The broader information ecosystem, constituted by both communities of news producers (e.g. journalists, editors, etc.) and consumers (readers), has received far less attention than the disinformation phenomenology. Few attempts have been made to study the dynamics of interaction between news producers and consumers (King 1998), and we still lack a fundamental understanding of the system. A previous work Gravino et al. (2022) identified the news supply on the production side and the news demand on the consumption side as the main drivers of the systemic dynamics.
The news supply, referred to as Supply in this work, can be defined as the ensemble of contents produced by news outlets over a certain period (e.g. daily). The news demand, referred to as Demand, can be defined over the same period as the cumulative needs and interests of the consumer community. These two quantities are directly linked in many ways. Consumers are more likely to engage with and demand content that aligns with their interests, preferences, and values (Cinelli et al. 2020). At the same time, the type and nature of news content also impact how widely it is shared and diffused. Engaging content significantly influences diffusion as followers are more likely to share relevant information (Turcotte et al. 2015). Producers are likely to cater to topics and formats that align with the interests and demands of their audience (Thurman et al. 2019). At the same time, the demand for certain types of content influences how widely it is shared. If a particular piece of news resonates strongly with the audience, it is more likely to be widely diffused by followers (Thompson et al. 2020).

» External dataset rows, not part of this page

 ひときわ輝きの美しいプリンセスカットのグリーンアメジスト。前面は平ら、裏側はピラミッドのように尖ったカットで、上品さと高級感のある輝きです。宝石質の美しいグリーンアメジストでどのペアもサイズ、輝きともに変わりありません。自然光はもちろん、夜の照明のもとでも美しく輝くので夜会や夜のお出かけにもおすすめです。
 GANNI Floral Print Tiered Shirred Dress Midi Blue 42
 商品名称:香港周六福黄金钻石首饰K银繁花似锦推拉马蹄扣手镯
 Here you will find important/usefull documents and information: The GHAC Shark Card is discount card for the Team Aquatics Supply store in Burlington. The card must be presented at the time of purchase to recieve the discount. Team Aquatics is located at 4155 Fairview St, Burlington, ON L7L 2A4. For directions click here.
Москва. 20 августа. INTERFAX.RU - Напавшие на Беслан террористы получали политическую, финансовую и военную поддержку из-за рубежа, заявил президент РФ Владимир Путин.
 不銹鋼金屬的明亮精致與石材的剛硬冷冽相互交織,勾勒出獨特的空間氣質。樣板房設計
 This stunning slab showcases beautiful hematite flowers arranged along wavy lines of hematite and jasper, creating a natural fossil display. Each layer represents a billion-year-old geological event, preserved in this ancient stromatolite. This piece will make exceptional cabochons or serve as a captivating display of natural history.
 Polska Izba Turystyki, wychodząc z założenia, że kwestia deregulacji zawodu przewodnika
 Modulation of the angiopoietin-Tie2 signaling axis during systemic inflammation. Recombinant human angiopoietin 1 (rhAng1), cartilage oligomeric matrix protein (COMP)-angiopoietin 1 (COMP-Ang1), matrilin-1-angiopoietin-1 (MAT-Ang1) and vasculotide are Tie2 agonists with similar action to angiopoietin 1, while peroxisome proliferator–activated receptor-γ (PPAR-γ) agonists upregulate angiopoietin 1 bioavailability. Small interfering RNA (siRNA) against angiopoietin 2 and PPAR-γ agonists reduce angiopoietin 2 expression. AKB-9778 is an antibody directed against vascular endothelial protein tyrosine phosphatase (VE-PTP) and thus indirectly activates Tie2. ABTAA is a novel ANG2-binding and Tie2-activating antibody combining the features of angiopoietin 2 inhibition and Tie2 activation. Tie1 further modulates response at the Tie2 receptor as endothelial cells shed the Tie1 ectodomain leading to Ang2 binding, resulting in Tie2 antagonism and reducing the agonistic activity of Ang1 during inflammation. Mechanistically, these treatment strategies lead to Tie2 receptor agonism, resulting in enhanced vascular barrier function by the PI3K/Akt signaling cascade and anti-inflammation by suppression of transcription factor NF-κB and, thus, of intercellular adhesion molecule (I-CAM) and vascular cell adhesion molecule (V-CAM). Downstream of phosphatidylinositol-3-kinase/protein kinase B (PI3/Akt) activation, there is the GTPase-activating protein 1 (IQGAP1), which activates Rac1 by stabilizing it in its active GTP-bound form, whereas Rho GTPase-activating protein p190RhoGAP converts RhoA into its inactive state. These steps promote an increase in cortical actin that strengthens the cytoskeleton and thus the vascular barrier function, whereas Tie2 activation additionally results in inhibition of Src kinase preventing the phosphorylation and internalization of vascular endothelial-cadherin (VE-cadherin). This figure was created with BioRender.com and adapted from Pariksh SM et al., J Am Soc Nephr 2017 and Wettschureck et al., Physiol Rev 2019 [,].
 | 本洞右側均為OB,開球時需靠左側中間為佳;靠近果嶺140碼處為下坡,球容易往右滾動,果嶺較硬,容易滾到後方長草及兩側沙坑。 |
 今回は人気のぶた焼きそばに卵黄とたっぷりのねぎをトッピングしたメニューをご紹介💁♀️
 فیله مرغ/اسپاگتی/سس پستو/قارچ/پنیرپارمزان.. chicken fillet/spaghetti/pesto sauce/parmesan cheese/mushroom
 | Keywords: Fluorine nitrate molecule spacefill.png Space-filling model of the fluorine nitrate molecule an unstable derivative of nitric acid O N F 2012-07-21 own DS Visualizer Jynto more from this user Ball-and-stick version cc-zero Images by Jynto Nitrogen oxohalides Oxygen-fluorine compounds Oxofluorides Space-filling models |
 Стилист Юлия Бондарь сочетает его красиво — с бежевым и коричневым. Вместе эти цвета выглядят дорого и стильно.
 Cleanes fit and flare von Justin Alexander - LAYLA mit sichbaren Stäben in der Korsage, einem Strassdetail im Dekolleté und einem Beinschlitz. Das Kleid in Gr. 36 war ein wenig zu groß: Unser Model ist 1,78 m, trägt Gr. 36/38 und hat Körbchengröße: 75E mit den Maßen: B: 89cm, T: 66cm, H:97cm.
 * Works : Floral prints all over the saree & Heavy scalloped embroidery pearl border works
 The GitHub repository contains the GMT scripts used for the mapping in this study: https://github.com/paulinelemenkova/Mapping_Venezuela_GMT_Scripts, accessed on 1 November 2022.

From these interactions, a third layer of the dynamics emerges: the diffusion of the news (Diffusion). Supply cannot meet Demand if the news is not shared through some channel. Different media are used, ranging from paper to word-of-mouth, from TV to news websites but, in recent years, social media has been the most prominent. Furthermore, the disintermediation typical of these platforms allows us to study the dynamics in unprecedented ways. We can define Diffusion as the sharing volume of news content over the observation period. This layer of the dynamics is perhaps the most studied in the last years, e.g. for its commercial importance. News discussion can influence future content creation strategies. News producers may observe what types of content are gaining traction through diffusion and adjust their production accordingly (Andrews and Caren 2010). At the same time, the Diffusion affects what other consumers are exposed to and, consequently, what they may demand. Popular content that has been widely diffused may generate increased demand from new audiences (Iyengar et al. 2004). On the other hand, sharing behaviour can sometimes result in the formation of echo chambers, i.e. user groups that share a common narrative (Brugnoli et al. 2019; Pratelli et al. 2023), in persistent recurring patterns (Desiderio et al. 2023), or in self-organised collective actions (Mancini et al. 2022).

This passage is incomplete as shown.